Audio Technology

INSIDE SPECTRA 1964

Many times when mastering I’ve needed sporadic limiting to protect against the ‘overs’ caused by intersample peaking, as shown when using a true peak meter. These overs can cause distortion when codecs are applied for streaming or MP3s, but many of the digital limiters I’ve tried did not provide effective protection. I compared virtually every digital limiter on the market, and measured the true peak outputs, but wasn’t in love with the sound of any of them. Wouldn’t it be great to be able to pump up the volume of a master, with no intersample peaks, and remain completely in the analogue domain?

Researching ultra-fast analogue limiters, I learned that the Spectra Sonics 601 limiter is the fastest on the planet – even though it’s an original design from 1969. It’s a fixed-timing, fixed-threshold peak limiter circuit that operates fully within a 180 nanosecond range [0.00000018 seconds], transparently eliminating voltage transients and thereby providing more headroom for any device placed after it in the signal chain.

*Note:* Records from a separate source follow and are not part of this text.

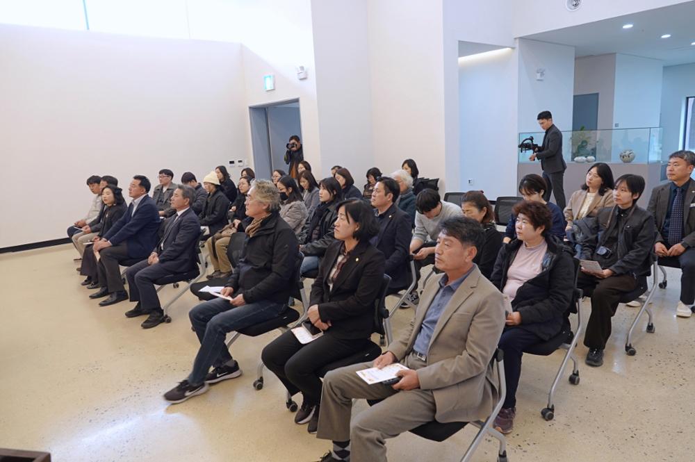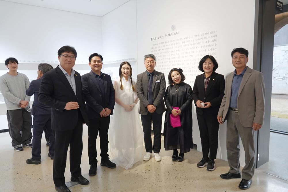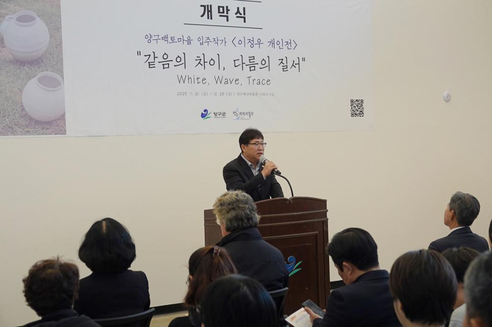 양구군의회 정창수 의장, 신철우 부의장, 김정미, 김선묵, 김기철 의원이 21일 양구백자박물관 세미나실에서 열린 양구백토마을 입주작가 이정우 개인전 개막식에 참석했다.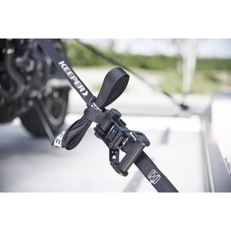 When the going gets tough, the tough reach for the Keeper Combat Ratchet Tie-Down. The 1 in. wide Extreme Webbing is more abrasion and cut resistant than other tie-downs. The extra wide, diamond ridge handles guarantee a "No Slip Grip" and ease of use even when wearing gloves.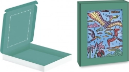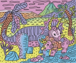 Ovaj jedinstveni set s tematikom dinosaurusa nudi kreativno iskustvo za male umjetnike. S pomoću posebnog kista koji ima spremnik za vodu, djeca mogu postupno slikati i pratiti kako prekrasne boje oživljavaju na papiru. Svaka slika je detaljno prikazana i djeca uče kako spriječiti miješanje boja. Nakon završetka, slike se mogu uokviriti u priloženu kutiju, što dodaje dječjim radovima dozu originalnosti.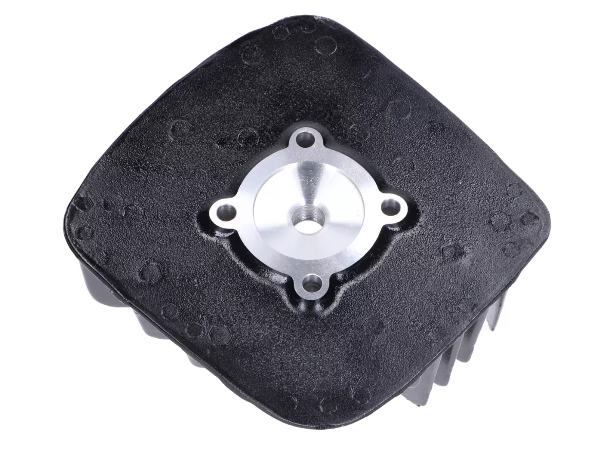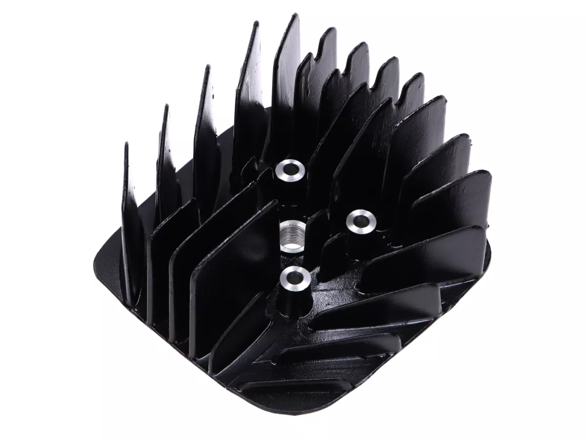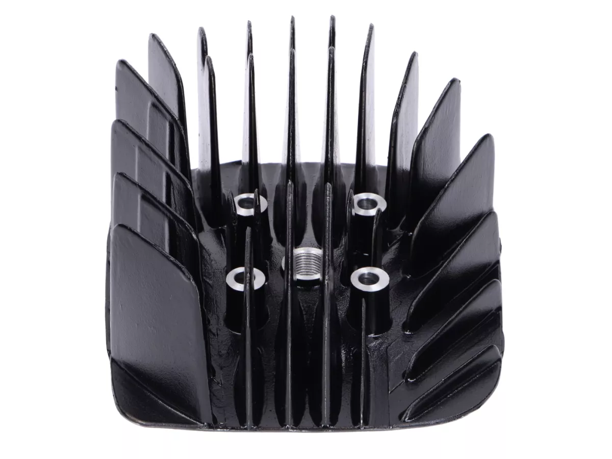 Der Zylinderkopf ist ausgeführt in mattschwarzer Oberfläche und ausgelegt für eine Bohrung von 43mm bei einem Stehbolzenabstand von 45mm. Er ist kompatibel mit Yamaha DT 50 MX und RD Mokick Modellen. Die Konstruktion gewährleistet eine präzise Passform und eine optimale Abdichtung zur Erhaltung der Motorleistung. Durch robuste Materialien und exakte Fertigung wird eine hohe Beständigkeit gegen thermische und mechanische Belastungen sichergestellt. Dieser Zylinderkopf eignet sich ideal für den Austausch oder die Leistungsoptimierung Ihres luftgekühlten 50cc Motors.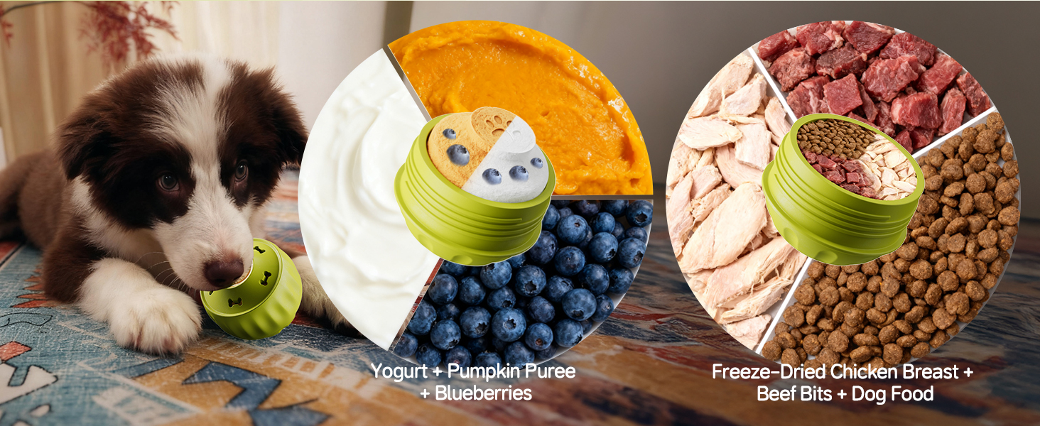 - Slow Feeding DIY Recipe Recommendations 1.Yogurt + Pumpkin Puree + Blueberries 2.Chicken Breast Broth + Diced Cooked Chicken Breast + Shredded Carrots 3.Coconut Milk + Fresh Apple Puree + Dental Biscuit Crumbs 4.Pumpkin Puree + Steamed Potato Puree + A Small Amount of Unsalted Chicken Broth
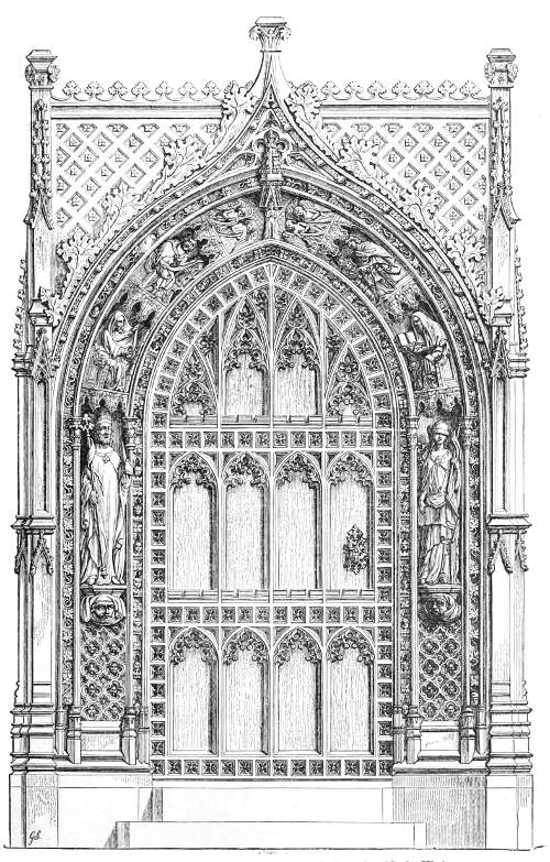 99. The proper effect of this part of Ely Cathedral has been seriously marred by the erection of the new reredos. In itself a fair specimen of modern Gothic, it is placed so far from the choir as to lose its proper effect. It is painfully dwarfed by the large plain area in front of it. But worse than this, it cuts up and destroys the most beautiful presbytery in England after the Angel Choir at Lincoln. The architects of Walsingham’s time glazed two compartments of the triforium to throw light upon the principal object in the choir, which was intended to stand two bays farther forward. It would have been well if the 19th-century restorers had taken the hint.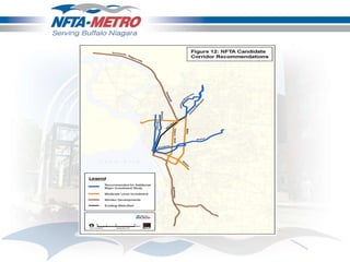 The document outlines transit restructuring efforts in the Buffalo Niagara region, highlighting the challenges of a declining population and the need for improved transportation infrastructure and services. It discusses various strategies to enhance transit connectivity and efficiency, including prioritizing key corridors and improving service frequencies to better link urban and suburban areas. The study reflects on community feedback, operational changes implemented, and the impact on ridership and productivity, emphasizing the importance of aligning transit policies with regional growth and economic development goals.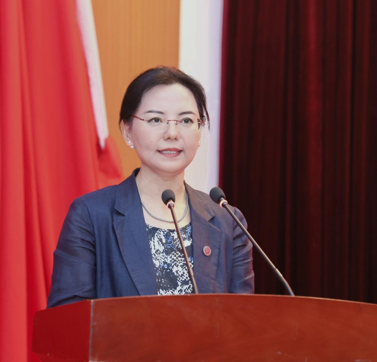 副理事长侯思画代表理事会向辛勤耕耘在教学、管理、服务工作一线,为学校发展倾注智慧和心血的全体教职工致以节日的问候和衷心的感谢;向躬耕金审,在教学、科研等方面取得突出成绩的集体和个人表示热烈的祝贺;向今年新加入金审大家庭的教职员工表示热烈的欢迎。侯思画号召全体金审教职员工大力弘扬教育家精神,坚定理想信念、陶冶道德情操、涵养扎实学识、勤修仁爱之心,做有情怀、有水平、有温度的好老师、大先生,用自己的行为示范做好学生的引路人,让学生在金审这个大家庭感受到更美好的成长与陪伴。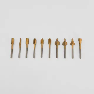 Fresas para Dremel, ideal para trabajos de precisión. - Incluye 10 fresas de diferentes formas y tamaños. - Fabricadas en metal resistente. - Vienen en un estuche organizador de plástico transparente.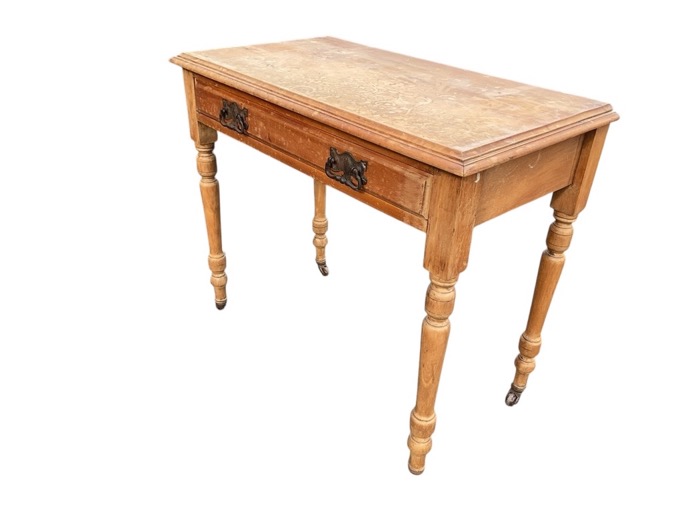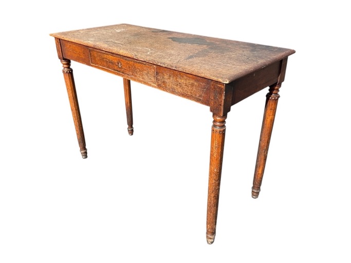 A Victorian oak side table with rectangular top above a plain frieze with cockbeaded drawer, raised on turned tapering polygonal legs with beaded collars. (45in x 19.5in x 30.5in)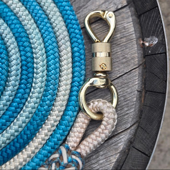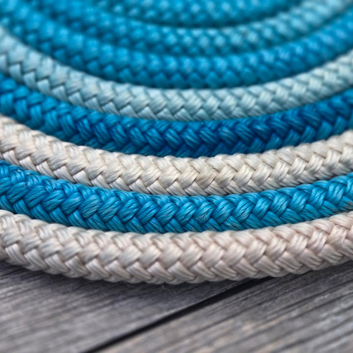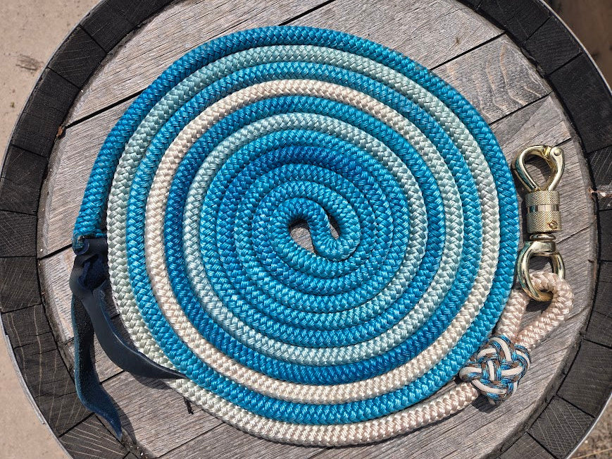 Dip dyed by hand by yours truly! 21 ft two-tone lunge line with twist panic snap. Tan and sky blue. Due to the hand-dyed nature of this item, it is one of a kind. There will never be another product just like it.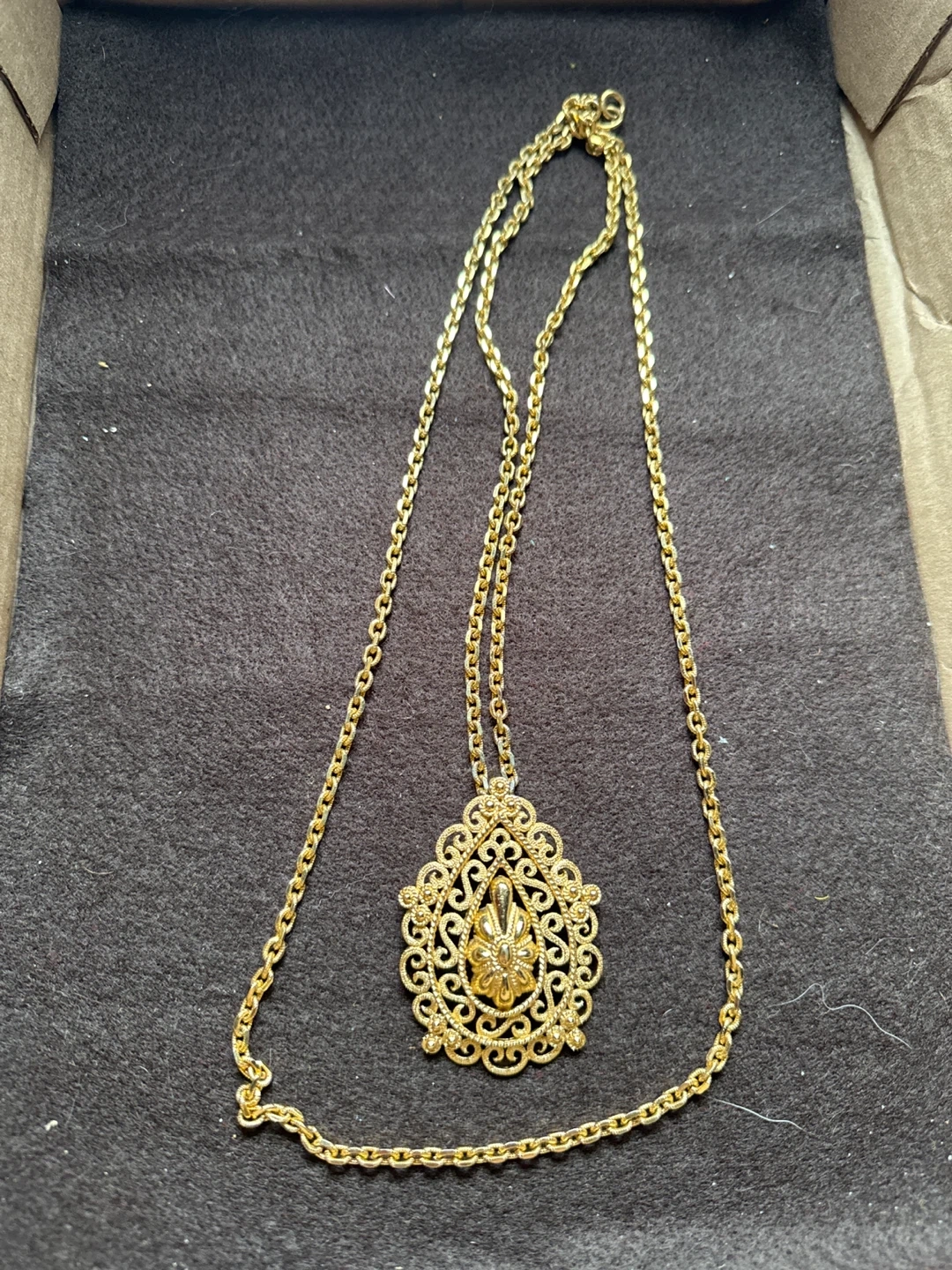 This is a beautiful gold tone pendant necklace. The pendant features an intricate filigree design with a central motif. Its classic style makes it a versatile accessory.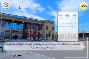 أعلنت جامعة ذي قار عن استحداث دراسة الماجستير بتخصص ميكانيك / هندسة ميكانيك تطبيقي وتصنيع في قسم الهندسة الميكانيكية، وذلك بعد استحصال الموافقة الرسمية من وزارة التعليم العالي والبحث العلمي، في خطوة تهدف إلى دعم برامج الدراسات العليا ومواكبة متطلبات التطور العلمي والتقني.

Many of these transients are inaudible except for how they affect the operation of analogue and digital processing downstream.

Spectra Sonics is the same company that built the desks in many of my favourite studios, including Muscle Shoals, Ardent, Stax, Advision, Chateau d’Herouville and the Record Plant studios. Their 101 preamp was the soul of these desks, and many of my favourite-sounding albums were done on them. In fact, their preamp and limiter modules were used to make much of the music that has influenced me. Here’s a very abbreviated list: T. Rex’s Electric Warrior, Aerosmith’s Toys in the Attic and Get Your Wings, Led Zeppelin’s III, Elton John’s Honky Chateau and Don’t Shoot Me I’m Only the Piano, Big Star’s , most of the albums Tom Dowd recorded, all the Stax and Muscle Shoals output from the mid-sixties onwards, and more.